■ What the task requires ■
Please repeat exactly the lines below from the one containing "Superbly Waxed Tall" down to the one containing "Questi orecchini a", both included, and nothing else.

■ Records shown ■
-=-=-=-=-
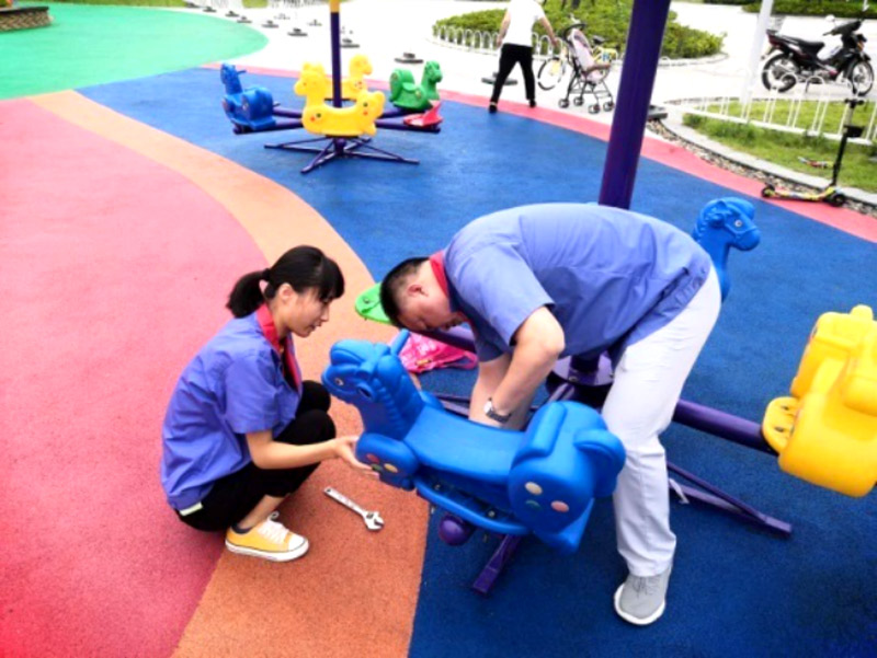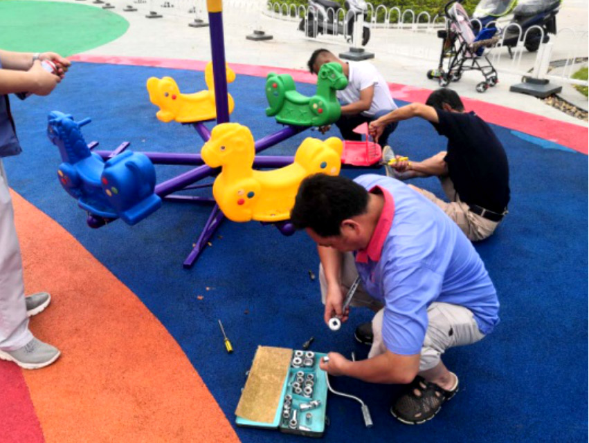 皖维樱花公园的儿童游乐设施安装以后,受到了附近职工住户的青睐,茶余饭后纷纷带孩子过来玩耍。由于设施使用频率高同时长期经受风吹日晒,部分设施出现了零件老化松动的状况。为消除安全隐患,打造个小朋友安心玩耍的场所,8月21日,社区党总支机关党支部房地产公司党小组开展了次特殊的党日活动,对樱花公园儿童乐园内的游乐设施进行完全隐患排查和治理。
-=-=-=-=-
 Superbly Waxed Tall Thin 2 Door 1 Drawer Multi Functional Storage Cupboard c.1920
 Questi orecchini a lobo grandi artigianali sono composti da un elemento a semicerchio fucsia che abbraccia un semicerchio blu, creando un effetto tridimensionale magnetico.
-=-=-=-=-
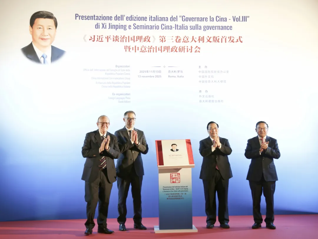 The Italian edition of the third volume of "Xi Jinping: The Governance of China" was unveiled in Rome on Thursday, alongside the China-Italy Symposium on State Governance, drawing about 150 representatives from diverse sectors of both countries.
-=-=-=-=-
■ Task answer ■
 Superbly Waxed Tall Thin 2 Door 1 Drawer Multi Functional Storage Cupboard c.1920
 Questi orecchini a lobo grandi artigianali sono composti da un elemento a semicerchio fucsia che abbraccia un semicerchio blu, creando un effetto tridimensionale magnetico.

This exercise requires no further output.